What does one do on a rainy Sunday afternoon? Bake a lemon meringue pie, of course (what else?). This one was Jorge’s request so I dug around for a recipe and stumbled upon this one by Taste of Home that looked easy enough for a first attempt. It turned out to be a tasty treat apart from the fact that the meringue but never really connected to the lemon bit. Worth the effort though!
- 1-1/3 cups all-purpose flour
- 1/2 teaspoon salt
- 1/2 cup shortening (found this in Partridges’ American section)
- 3 tablespoons cold water
- 1-1/4 cups sugar
- 1/4 cup cornstarch (same as cornflour)
- 3 tablespoons all-purpose flour
- 1/4 teaspoon salt
- 1-1/2 cups water
- 3 egg yolks, lightly beaten
- 2 tablespoons butter
- 1-1/2 teaspoons grated lemon peel
- 1/3 cup lemon juice
- 1/2 cup sugar, divided
- 1 tablespoon cornstarch
- 1/2 cup cold water
- 4 egg whites
- 3/4 teaspoon vanilla extract
Start with your crust. Preheat the oven to 425F / 220C
Mix together your flour and salt. Chop in the shortening until you have crumbs.
Slowly add in the water, using a fork to toss around the dough. Eventually it will form a ball at the center of your bowl.
Roll out your pastry until it’s the right size for your pie plate (9-inches is a good size for this).
Transfer to your pie plate and press to mould, fancying up the edges however you like.
Pop it in the oven and bake for 12-15 minutes, until it’s golden brown. Once you take it out, turn the oven down a bit to 350F / 175C for the next part.
Now it’s time to start on the lemon bit, so grate and juice your lemons first.
In a saucepan on medium high heat, combine the sugar, cornstarch, flour and salt. Add the water slowly and stir until it’s smooth. Keep stirring until it’s thickened and bubbling then turn down the heat and keep stirring for two more minutes.
Remove from the heat and add a small amount of the filling to the egg yolks then return it all to the pan, stirring continuously. Bring it to a gentle boil, stirring and cooking for two more minutes before removing from the heat again.
Add in the butter and lemon peel and then stir in the lemon juice until it’s combined. Pour it into your baked crust.
Looking good! Now for the fluffy white meringue. Grab another saucepan and turn on medium heat. Combine two tablespoons of sugar and the cornstarch, slowly adding in the cold water. Cook and stir until the mixture is clear and transfer to a bowl to cool.
If you have a mixer, you’ll want it for this next bit. I have no space in my kitchen so I made do with a handmixer which worked with a bit of effort. Beat the egg whites and vanilla together in a large bowl until you can form soft peaks. Then gradually add in the remaining sugar, a tablespoon at a time. Beat in the cornstarch mixture until you have stiff glossy peaks and the sugar is dissolved.

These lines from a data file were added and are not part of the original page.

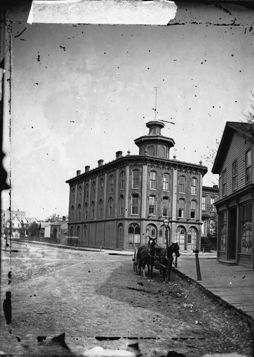 Brick and stone building with cupola at Grand River and Park Place, a horse-drawn wagon parked next to wooden sidewalk on unpaved street in front of billiard and rooming house. Recorded in glass negative ledger: "LD/Streets-Grand River & Park Place." Emulsion lifting from plate.
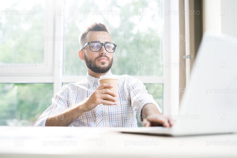 Успешный предприниматель пьет кофе в офисе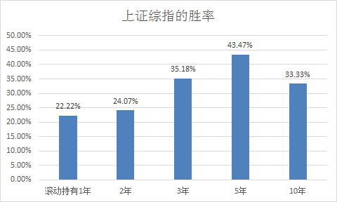 但是如果統計上證綜指、中證債券總財富指數、南華工業品指數的話,這個數據顯得差了很多。上證綜指持有一年的勝率只有22%,持有5年的勝率也沒有超過50%。這說明,滾動持有5年,上證綜指的戰勝工業品指數、債券指數的概率也不到50%。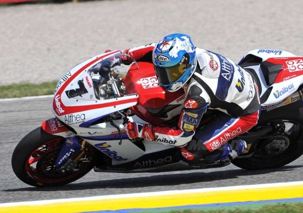 Dovrà probabilmente vedersela anche con il suo compagno di squadra a conferma della validità del lavoro svolto dal team Althea. Grande la prestazione di Jakub Smrz che si è inserito al secondo posto. Ancora una volta quindi i piloti privati della Ducati sono stati più veloci dei due ufficiali, con Fabrizio (caduto senza conseguenze sia questa mattina che nel pomeriggio) ed Haga piazzatisi rispettivamente al sesto e settimo posto e seguiti a poco più di un decimo da un sorprendente Lorenzo Lanzi. Solo Biaggi ed Haslam, i protagonisti di Portimao, hanno saputo interrompere l’egemonia delle rosse italiane.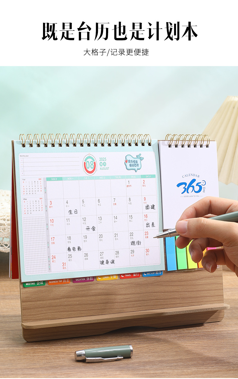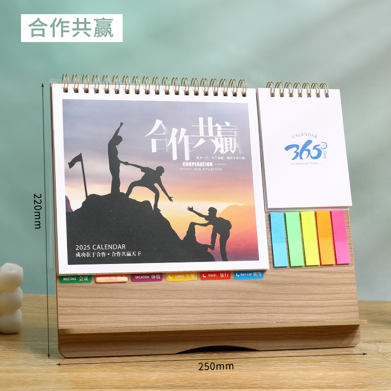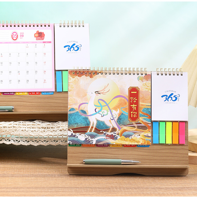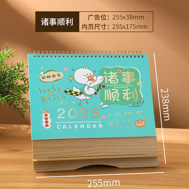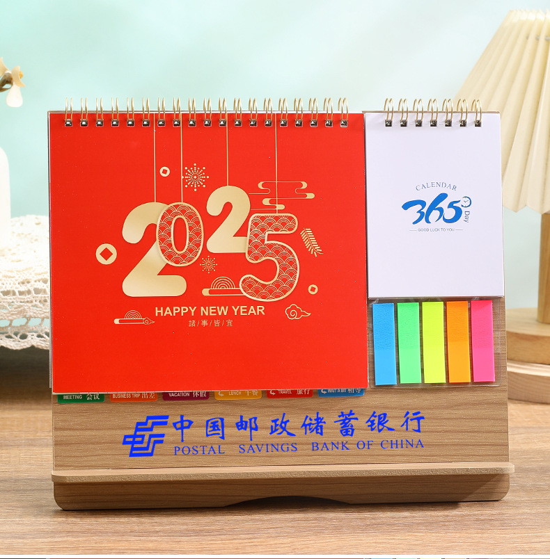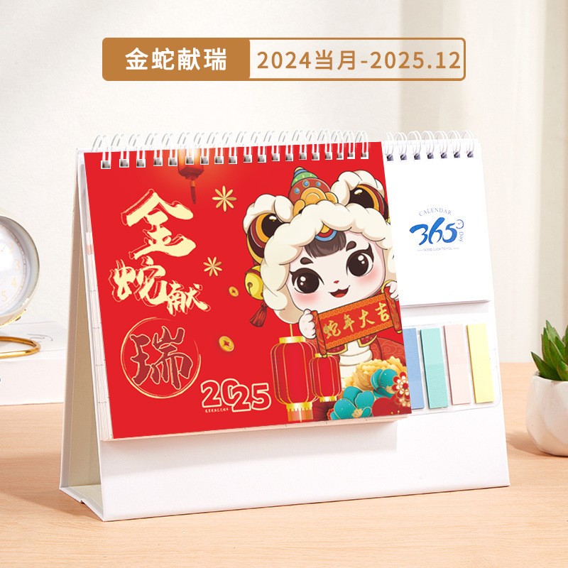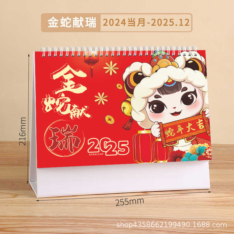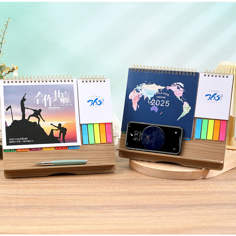 2025台历定制定做新年高端木质架蛇年日历小摆件桌面创意本小批量
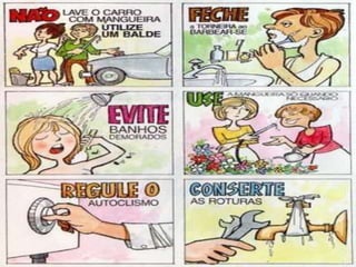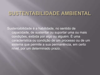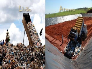 O documento discute a importância da sustentabilidade e fornece exemplos de como promovê-la. Ele aborda tópicos como desmatamento, lixões versus aterros sanitários, uso racional da água, e recomendações para adotar um estilo de vida mais sustentável.

Spread this on to the top of the pie, sealing it around the edges. I spread mine on flat, but feel free to make those lovely peaks that are typical of a lemon meringue pie!
Pop it in your oven at 350F / 175C for about 25 minutes or until it’s golden brown on top.
Now, learn the art of patience: You’ll have to let it cool for an hour on a rack outside and then refrigerate for another three hours before digging in!